1, inventory turnover rate
Inventory turnover rate is one of the key indicators to evaluate the effect of inventory management. It represents the speed at which an enterprise converts inventory into sales in a certain period of time. A high inventory turnover rate usually means that the inventory funds are used effectively, and at the same time, the risk of slow sales and excessive inventory is reduced.
2. Close to effective inventory
Fast-expiring inventory refers to the inventory products that are about to expire or close to the shelf life. Too much recent inventory may mean poor sales or improper inventory management, which increases the cost of waste disposal and the risk of capital loss. Therefore, evaluating the quantity and proportion of recent inventory is helpful to determine the effect of inventory management and product sales.
3. Inventory of defective products
Defective stock refers to the stock with quality problems or unqualified products. Excessive inventory of defective products will increase the after-sales service cost, return rate and the risk of brand reputation damage. Therefore, it is very important to evaluate the quantity and causes of defective inventory and take corresponding improvement measures to improve inventory health.
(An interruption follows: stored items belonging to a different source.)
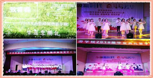 典礼结束后,与会师生共同观看了精彩的欢送毕业生文艺汇演。似水年华,难说再见,毕业不是结束,而是人生的另一个开始,祝愿2018届毕业生们在未来人生道路上,不负时代重托,书写属于自己的奋斗篇章!(供稿:经贸旅游学院 编辑:沈婉婉)
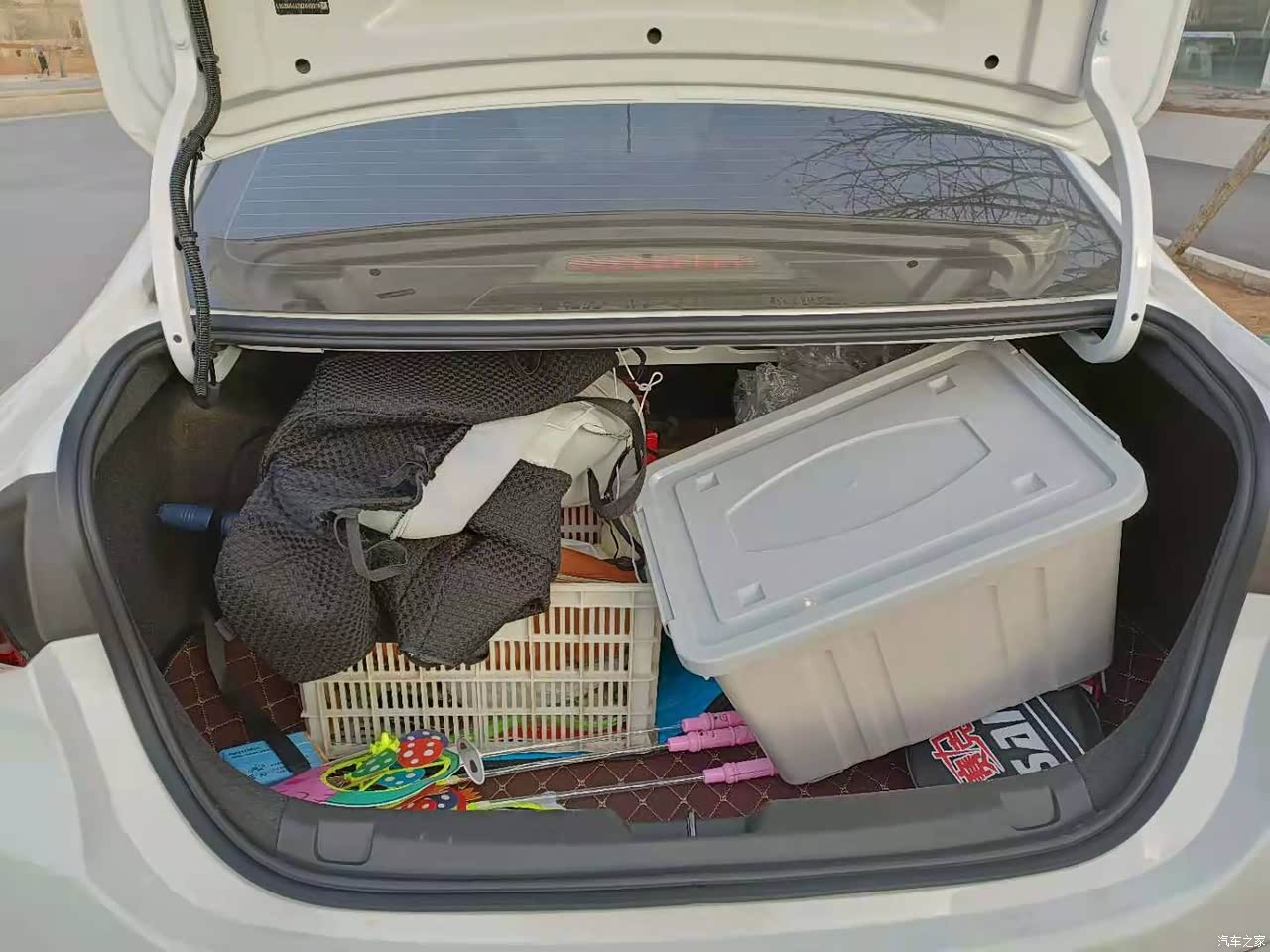 后备箱的空间也够大,孩子的玩具,工具什么乱七八糟的东西都可以放,这两天老婆没有收拾车,后备箱乱的很!
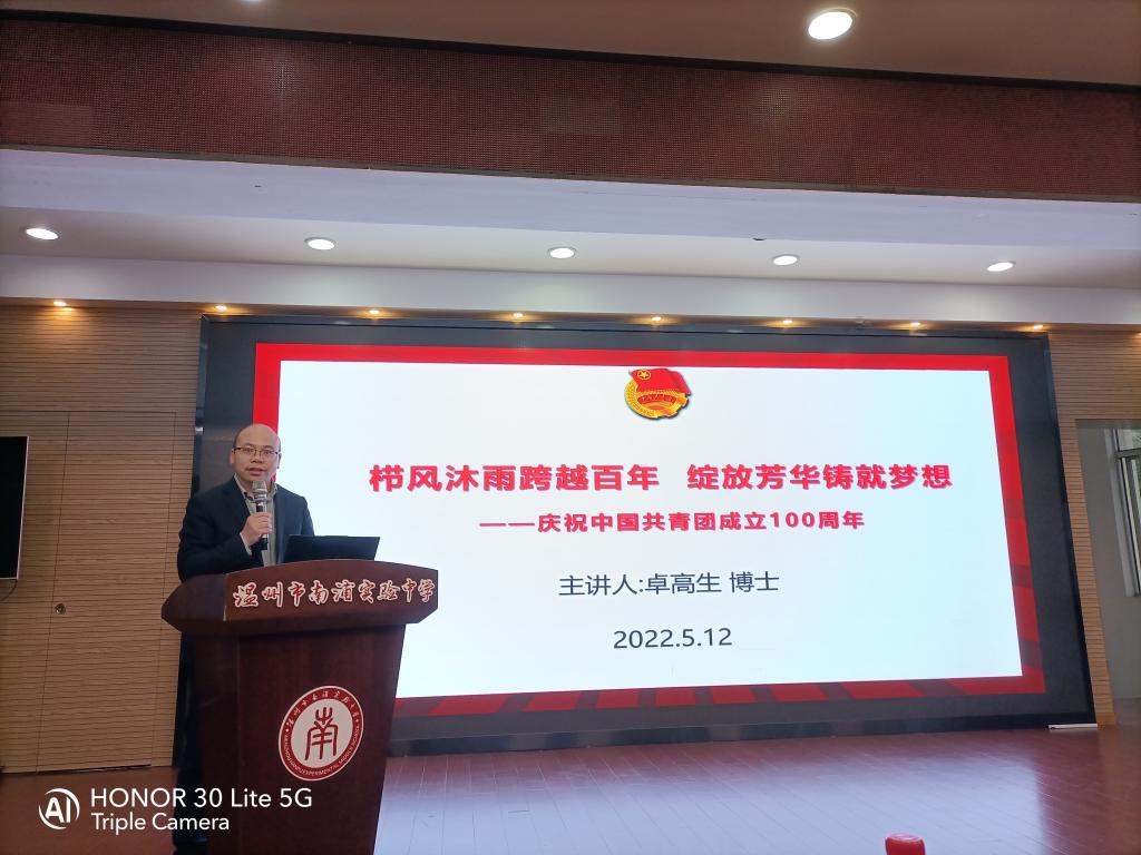 仪式主要分成四个阶段:第一阶段,新团员退队入团仪式;第二阶段,少年思政学院成立揭牌与颁发校外导师聘书,卓高生教受聘担任南浦实验中学少年名誉院长;第三阶段,黑料不打烊 本硕校外实践教学基地签约授牌仪式;第四阶段,南浦实验“博士讲坛”第一讲开讲,卓高生教授为在座的学生与老师做《栉风沐雨跨越百年 绽放芳华铸就梦想——庆祝中国共青团成立100周年》专题讲座。

4. Other non-performing inventories
Other non-performing inventories include damage, loss, inventory surplus and other non-performing inventories. These bad inventories will waste enterprise resources and increase costs. It is of positive significance to evaluate the situation of other bad inventory, analyze the reasons and take corresponding management measures to improve the efficiency and health of inventory management.
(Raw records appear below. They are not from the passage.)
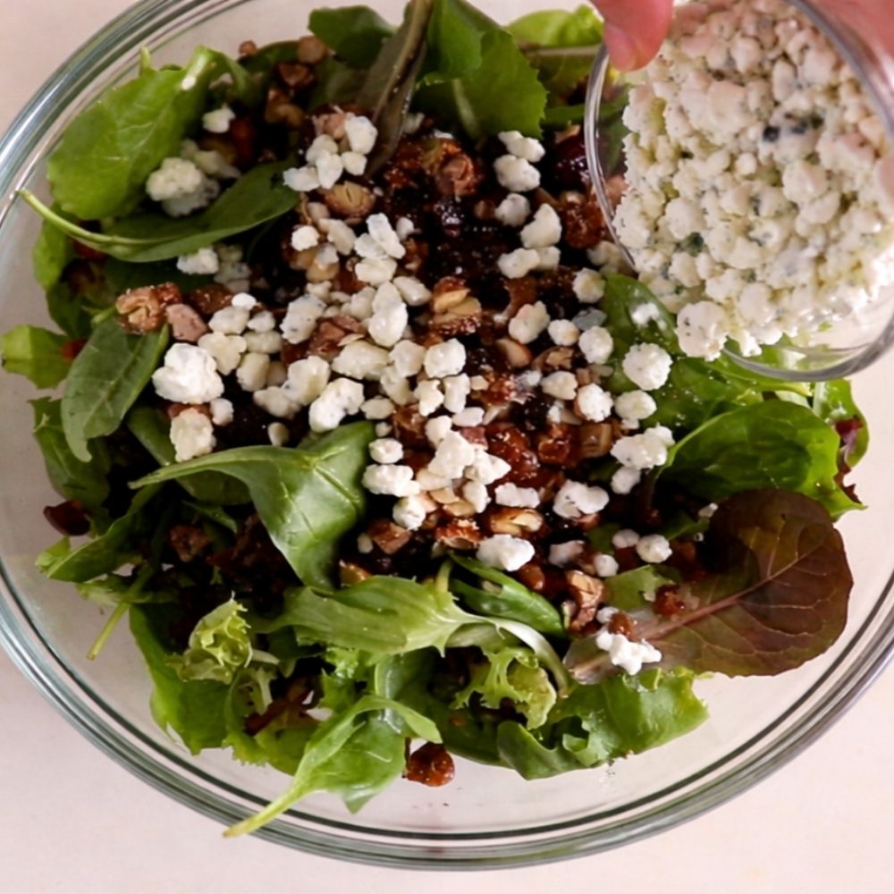 - Build the Salad: Add the mixed greens to a large bowl. Sprinkle in the dried cranberries and cinnamon-toasted almonds, then add the crumbled blue cheese.
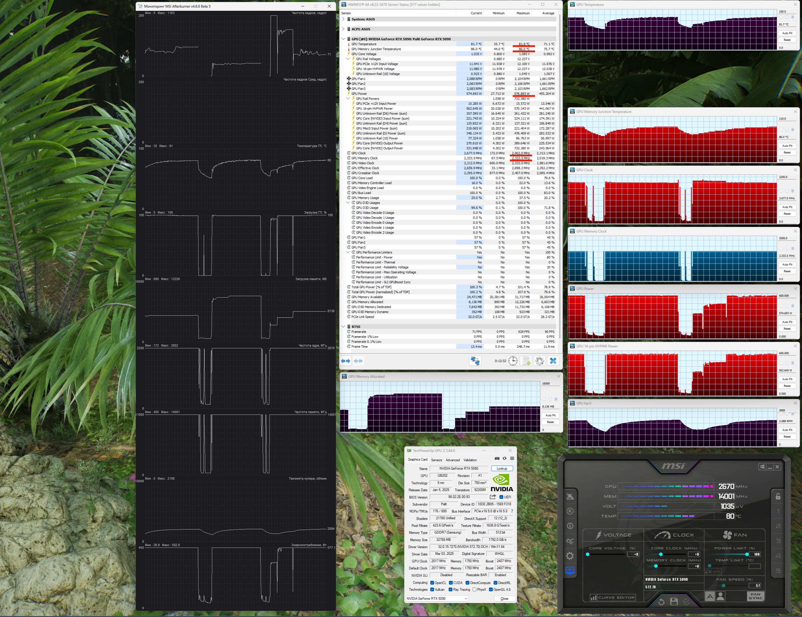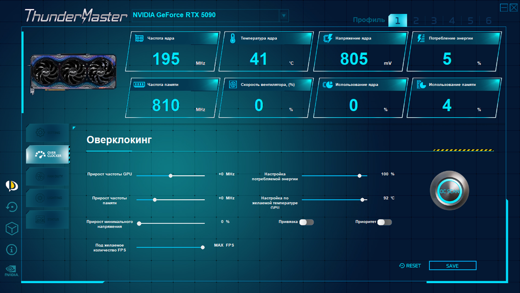 | 03 | RTX 5080 16 ГБ, 2617—2850 МГц/30 ГТ/с | 825 | 13532 | 164 000 |
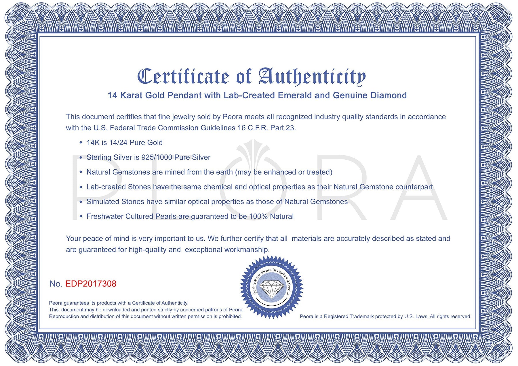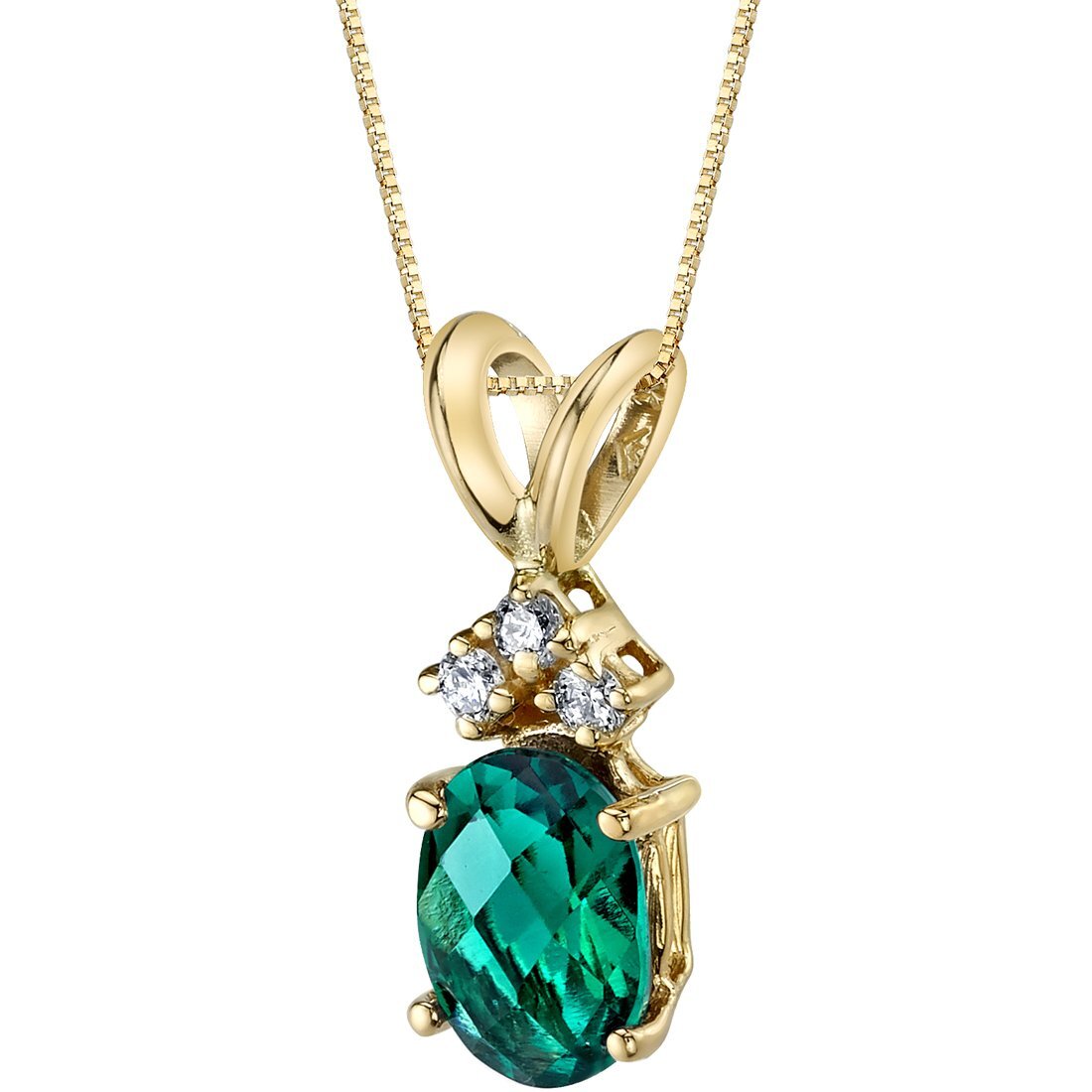 This classic pendant features oval shape Peora created Emerald gemstones in 14K yellow gold.
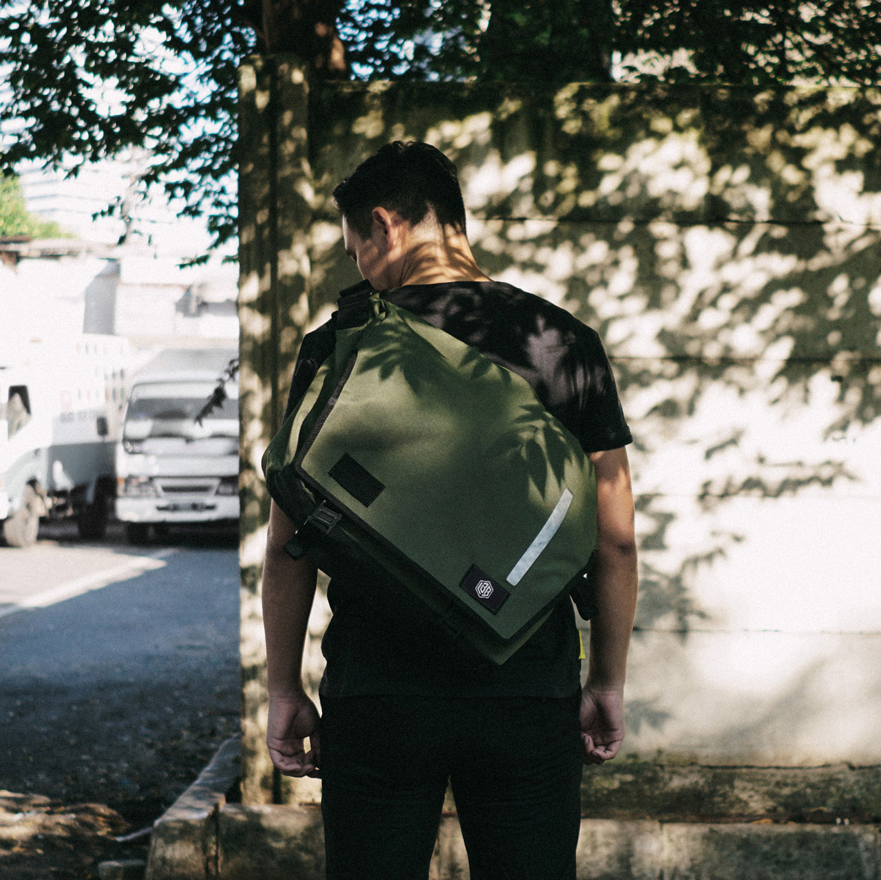'The Echelon' [M] is a 32 liter messenger bag that can expand and compress according to needs. We've always been a big fan of messenger bags for its aesthetic, practicality, and quick access. However, with heavy loads and long rides, it tends to tire one shoulder. The Echelon [M] messenger bag is our way of addressing that issue. we add a retractable secondary shoulder strap, that when needed, can be whipped out to even the load distribution across both shoulders.

Other factors affecting the inventory situation:
1, inventory amount and sales ratio
Evaluating the ratio of inventory amount to sales can reveal whether the enterprise's capital allocation is reasonable and whether the inventory scale is appropriate. A high inventory amount may mean too much inventory, resulting in too much capital occupation, while a low proportion may mean insufficient inventory, which may not meet the needs of customers.
2, inventory turnover days
Inventory turnover days refers to the average time required for an enterprise to turn inventory into sales. The short turnover days show that the inventory can be quickly turned over and utilized, which embodies the agility and efficiency of enterprise inventory management.
3. Inventory cost
Inventory cost includes purchase cost, storage cost, logistics cost, insurance cost and other expenses related to inventory. Evaluating inventory cost can help enterprises understand the economic benefits of inventory management and find ways to reduce costs and improve inventory health.
4. The relationship between inventory and supply chain
The coordination and cooperation between inventory and supply chain is very important for inventory health. The effective management of supply chain can realize the timely supply and flow of inventory, reduce inventory level, reduce inventory risk and the possibility of excess inventory.